The phrase [Abu sofwān] in an 18th-century Islamic calligraphy from the Ottoman region and called Thuluth.

Islamic calligraphy is the artistic practice of handwriting and calligraphy, based upon the alphabet in the lands sharing a common Islamic cultural heritage. It includes Arabic Calligraphy, Ottoman, and Persian calligraphy.[1][2] It is known in Arabic as khatt Islami (خط إسلامي‎), meaning Islamic line, design, or construction.[3]

The development of Islamic calligraphy is strongly tied to the Qur'an; chapters and excerpts from the Qur'an are a common and almost universal text upon which Islamic calligraphy is based. However, Islamic calligraphy is not limited to strictly religious subjects, objects, or spaces. Like all Islamic art, it encompasses a diverse array of works created in a wide variety of contexts.[4] The prevalence of calligraphy in Islamic art is not directly related to its non-figural tradition; rather, it reflects the centrality of the notion of writing and written text in Islam.[5] It is noteworthy, for instance, that the Prophet Muhammad is related to have said: "The first thing God created was the pen."[6]
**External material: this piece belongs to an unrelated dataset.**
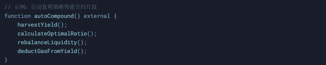HeyAnonai 构建的智能体市场已集成 80+ DeFi 协议,支持 14 种语言的自然交互。其“策略工厂”允许开发者将复杂策略封装为可组合模块,例如: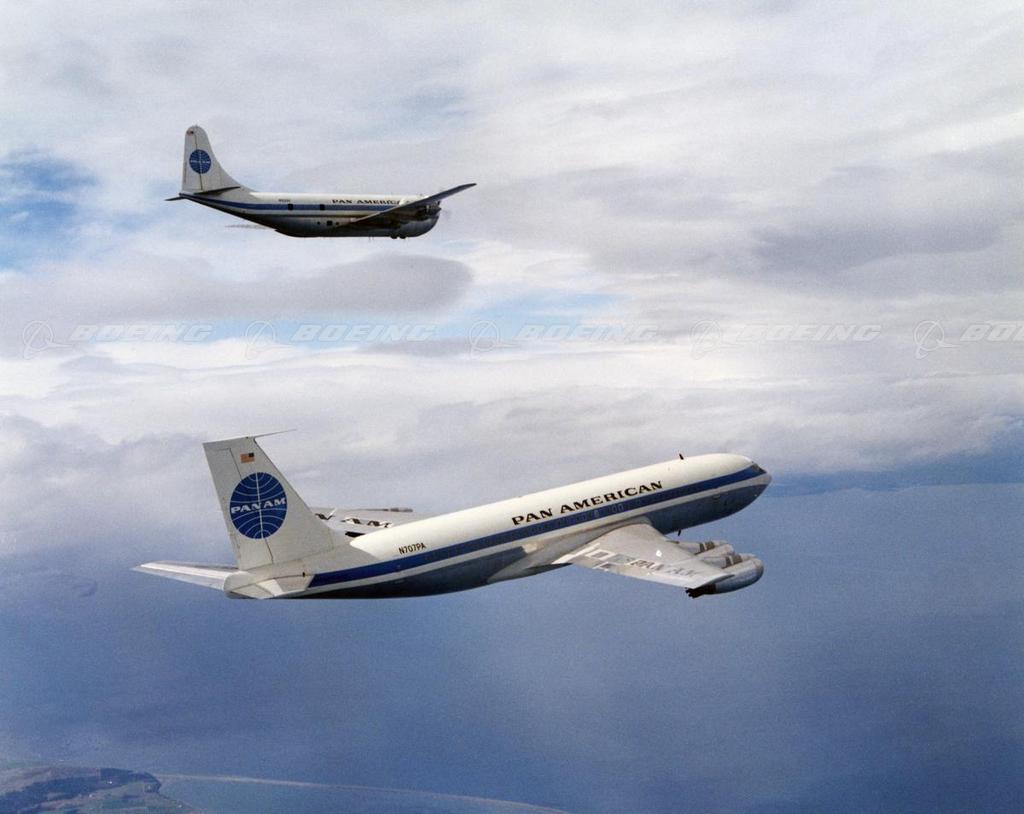 Pan Am's 707 in Flight with 377 Stratocruiser

Islamic calligraphy developed from two major styles: Kufic and Naskh. There are several variations of each, as well as regionally specific styles. Islamic calligraphy has also been incorporated into modern art beginning with the post-colonial period in the Middle East, as well as the more recent style of calligraffiti.

Instruments and media

The traditional instrument of the Islamic calligrapher is the qalam, a pen normally made of dried reed or bamboo. The ink is often in color and chosen so that its intensity can vary greatly, creating dynamism and movement in the letter forms. Some styles are often written using a metallic-tip pen.
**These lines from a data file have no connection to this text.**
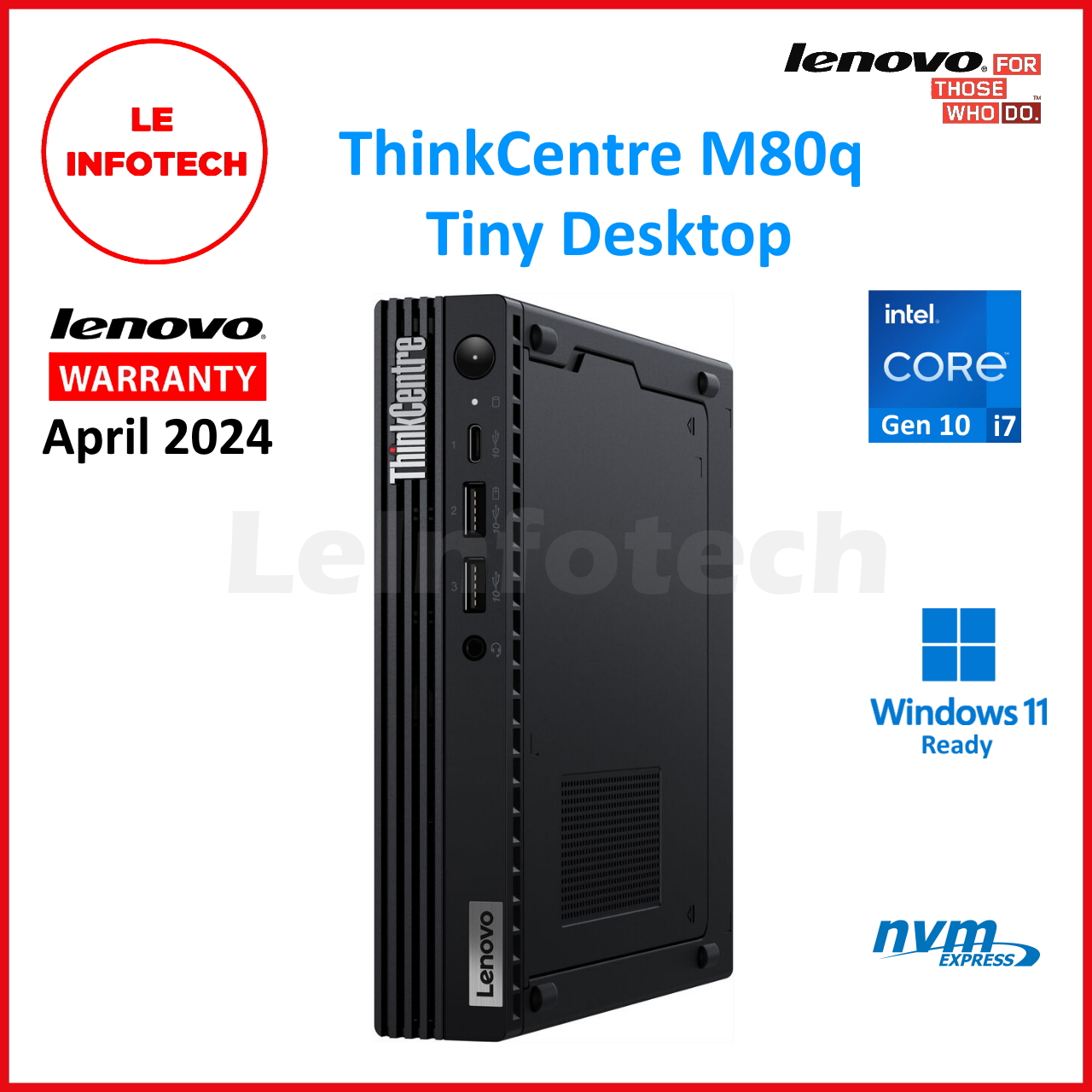 LENOVO ThinkCentre M80q Tiny Desktop 8-Core Intel i7-10700t 32GB 512GB SSD Win11 HDMI USB-C WiFi BT Warranty - Leinfotech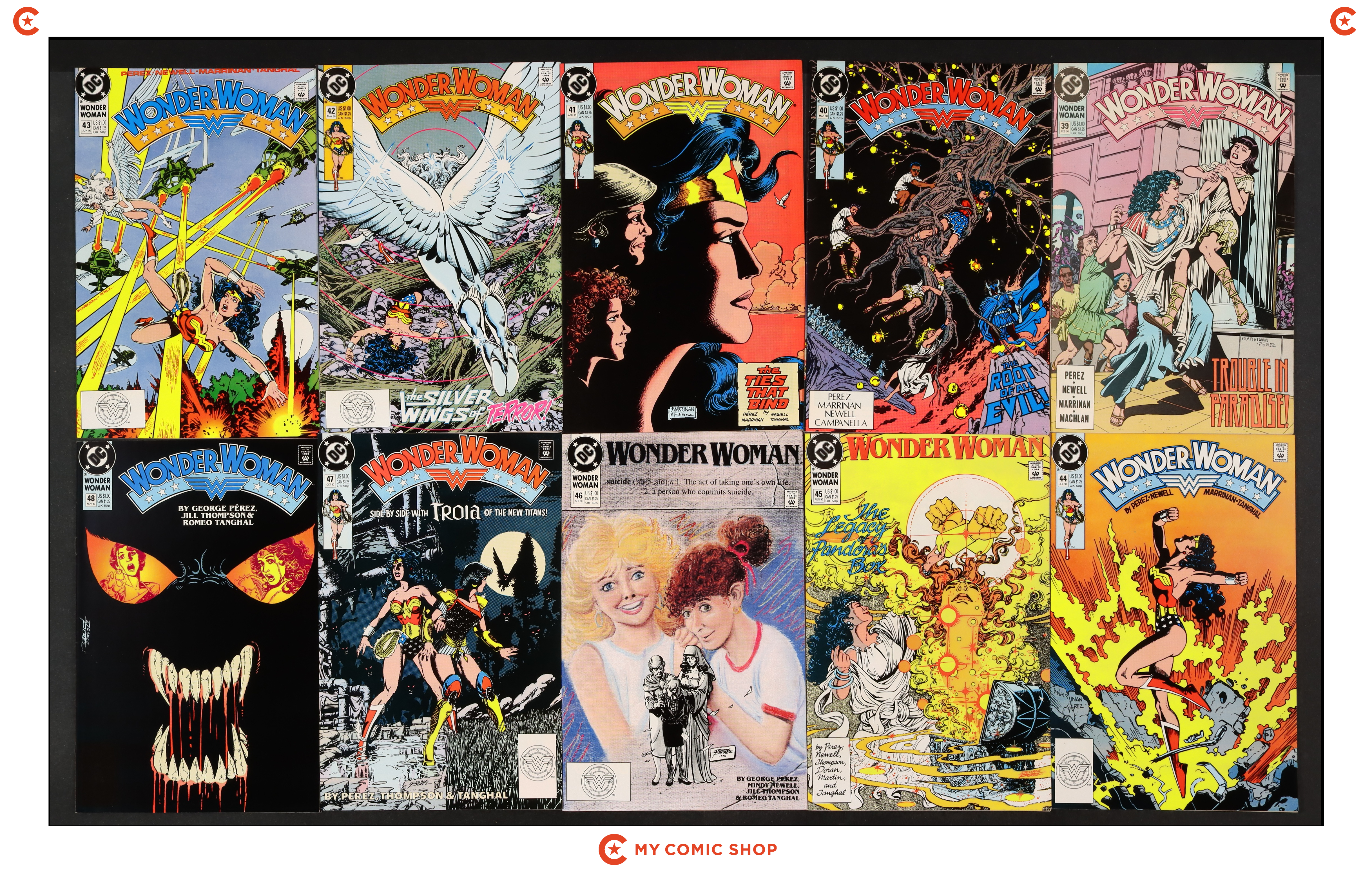 Issues 39-48 of Wonder Woman (1987 2nd Series). Most will grade in the VF to FN range.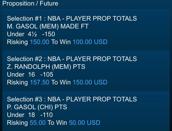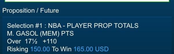 P. GASOL (CHI) MADE FTUnder 3½ +100 Risking 50 To Win 50 USD Comment -
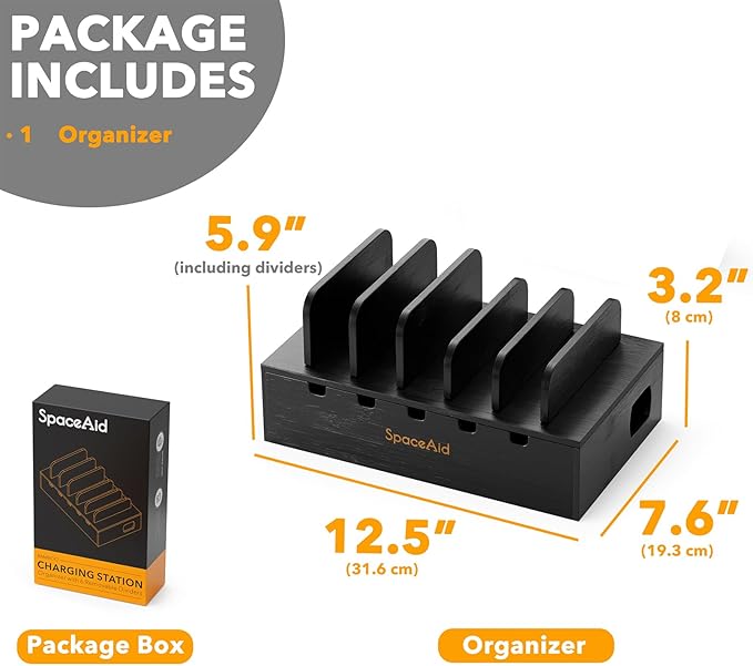 - ORGANIZED AND BEAUTIFUL - Make your office desk neat and organized with bamboo charging station; The organizer is designed for your multiple devices storage organization; SIZE: 12.5"L x 7.6"W x 5.9"H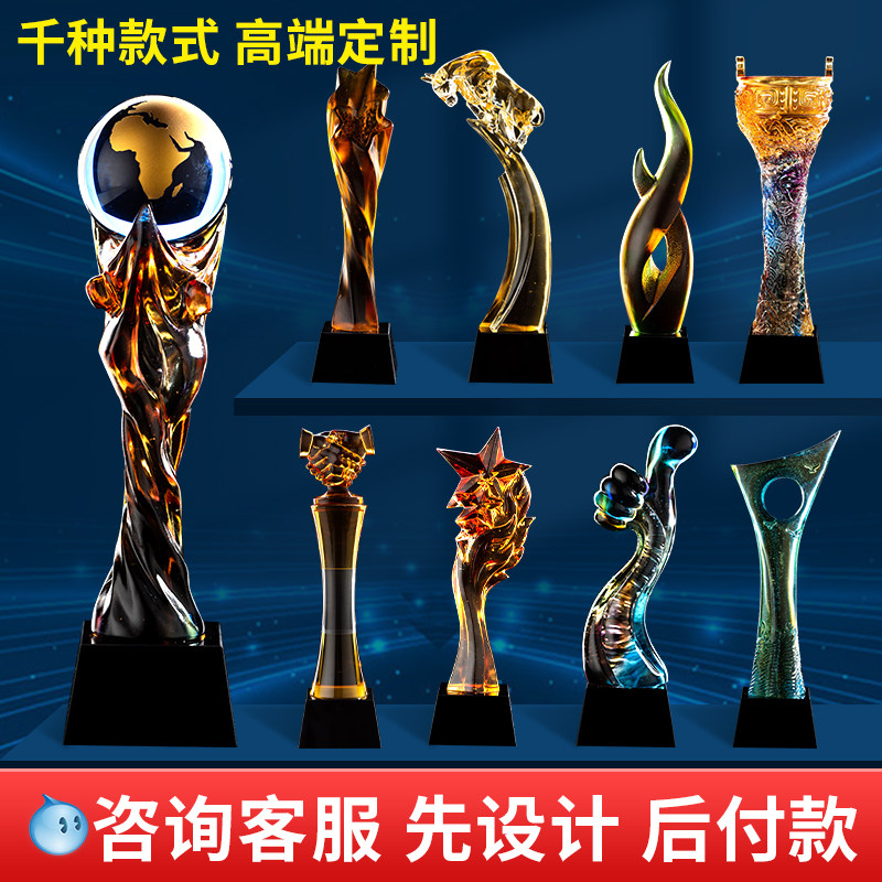 Glazed trophies upscale atmospheric creativity Custom Pentagon Excellent staff to set the lettering for the Crystal Trophy-Taobao

Five principal Arabic calligraphic cursive styles:
  1. Naskh
  2. Nasta‘liq
  3. Diwani
  4. Thuluth
  5. Reqa

Islamic calligraphy can be applied to a wide range of decorative mediums other than paper, such as tiles, vessels, carpets, and stone.[2] Before the advent of paper, papyrus and parchment were used for writing. During the 9th century, an influx of paper from China revolutionized calligraphy. While monasteries in Europe treasured a few dozen volumes, libraries in the Muslim world regularly contained hundreds and even thousands of books.[1]:218

For centuries, the art of writing has fulfilled a central iconographic function in Islamic art.[7] Although the academic tradition of Islamic calligraphy began in Baghdad, the center of the Islamic empire during much of its early history, it eventually spread as far as India and Spain.
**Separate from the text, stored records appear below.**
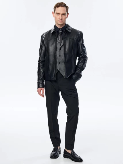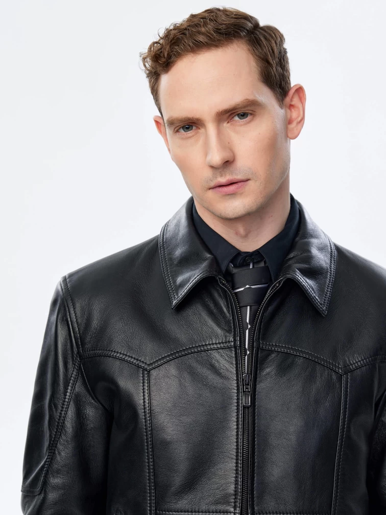 Товар короткая кожаная куртка для мужчин 504, черная, размер 50, артикул 29331 выполнен из натуральной кожи с застежкой молния. Рассчитан на сезон: весна-лето. Длина изделия 65 см, силуэт полуприлегающий.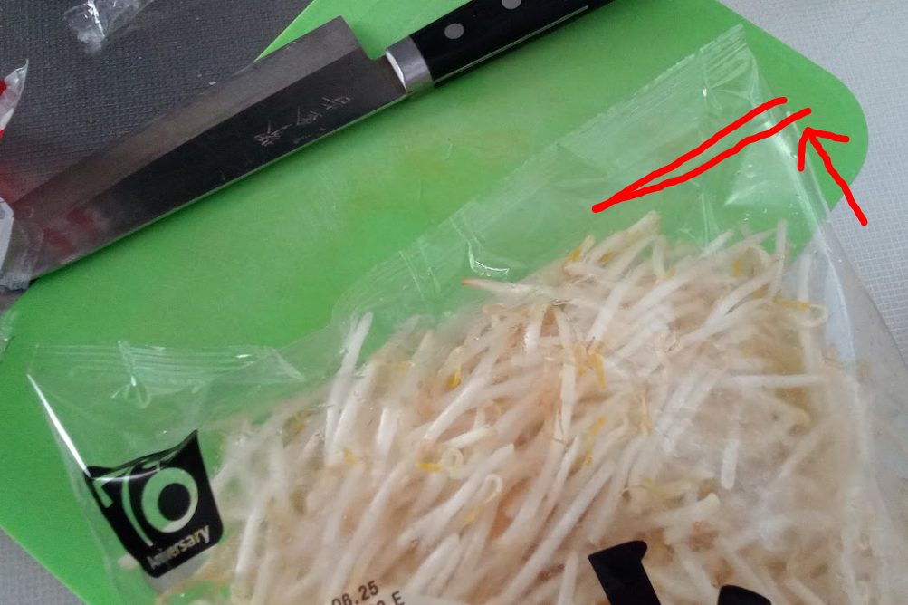 ちなみに、1袋200gのもやしは、袋の上部に切り込みを入れ、600Wで3分だけ。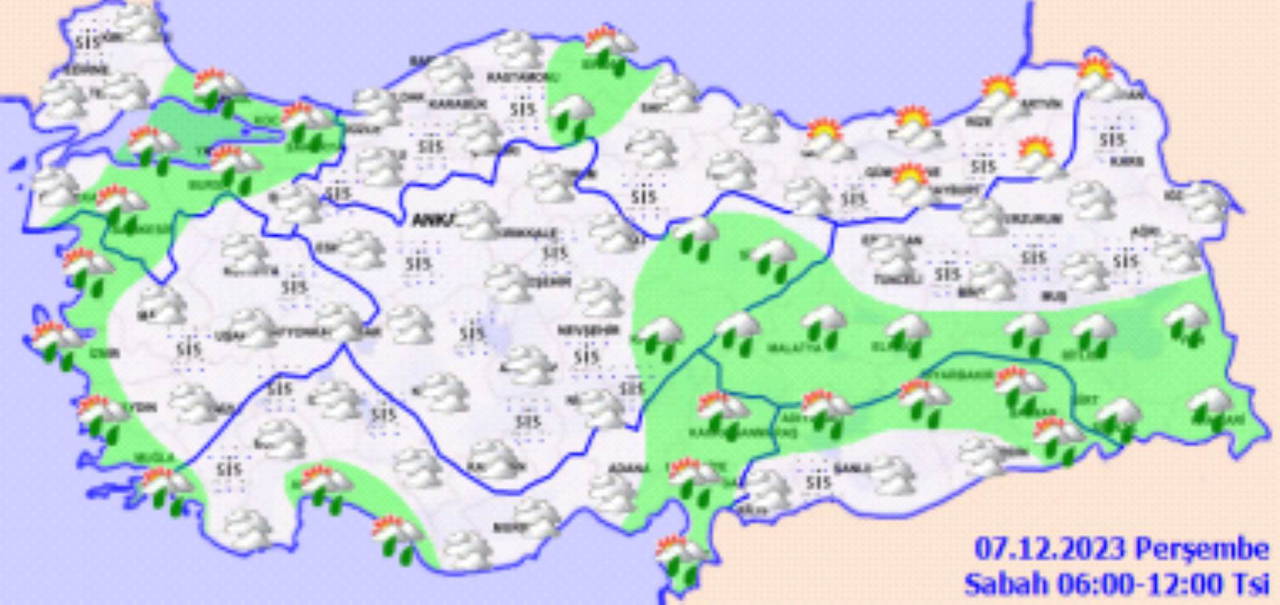 Yağışların; öğleden sonra Bursa ve Balıkesir çevreleri ile Çanakkale'nin doğu ilçelerinde, akşam ve gece saatlerinde Kıyı Ege ve Doğu Akdeniz ile İstanbul, Kocaeli, Yalova, Antalya, Gaziantep ve Kilis çevrelerinde yerel kuvvetli olması bekleniyor. Sabah saatlerinde iç ve doğu bölgelerde yer yer pus ve sis bekleniyor.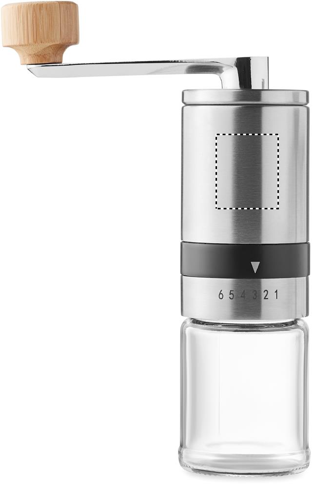 Kaffee-Set. Bestehend aus einem Kaffeebereiter aus Glas und Edelstahl und einer manuellen Keramik-Kaffeemühle mit Details aus Bambus. Füllmengen: Kaffeemaschine 350 ml, Mühle 100 ml.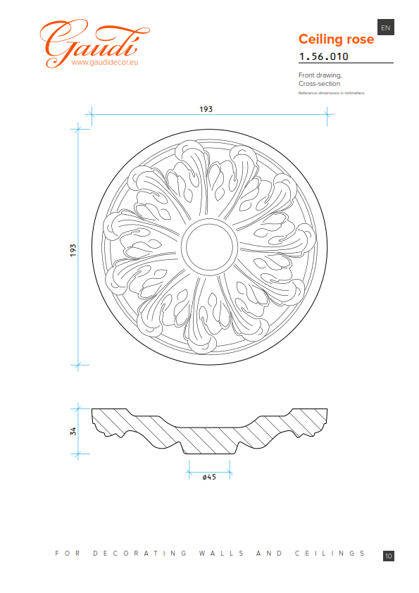 Сечение Чертеж на детайла, представящ сечението на избрания профил.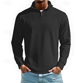 Per uomo Polo Polo con zip a un quarto Abbigliamento quotidiano Data Zip a un quarto Manica Lunga Moda Essenziale Semplice Cerniera Primavera Autunno Vestibilità regolare Vinaccia Nero Bianco Blu

Coins were another support for calligraphy. Beginning in 692, the Islamic caliphate reformed the coinage of the Near East by replacing Byzantine Christian imagery with Islamic phrases inscribed in Arabic. This was especially true for dinars, or gold coins of high value. Generally, the coins were inscribed with quotes from the Qur'an.

By the tenth century, the Persians, who had converted to Islam, began weaving inscriptions onto elaborately patterned silks. So precious were textiles featuring Arabic text that Crusaders brought them to Europe as prized possessions. A notable example is the Suaire de Saint-Josse, used to wrap the bones of St. Josse in the Abbey of St. Josse-sur-Mer, near Caen in northwestern France.[1]:223–5

As Islamic calligraphy is highly venerated, most works follow examples set by well-established calligraphers, with the exception of secular or contemporary works. In the Islamic tradition, calligraphers underwent extensive training in three stages, including the study of their teacher's models, in order to be granted certification.[6]

Styles

Kufic

9th century Qur'an, an early kufic example from the Abbasid period
Bowl with Kufic Calligraphy, 10th century. Brooklyn Museum

Kufic is the oldest form of the Arabic script. The style emphasizes rigid and angular strokes, which appears as a modified form of the old Nabataean script.[8] The Archaic Kufi consisted of about 17 letters without diacritic dots or accents. Diacritical markings were added during the 7th century to help readers with pronunciation of the Qur'an and other important documents, increasing the number of Arabic letters to 28.[9] Although some scholars dispute this, Kufic script was supposedly developed around the end of the 7th century in Kufa, Iraq, from which it takes its name.[10] The style later developed into several varieties, including floral, foliated, plaited or interlaced, bordered, and square kufic. Due to its straight and orderly style of lettering, Kufic was frequently used in ornamental stone carving as well as on coins.[11] It was the main script used to copy the Qur'an from the 8th to 10th century and went out of general use in the 12th century when the flowing naskh style become more practical. However, it continued to be used as a decorative element to contrast superseding styles.[12]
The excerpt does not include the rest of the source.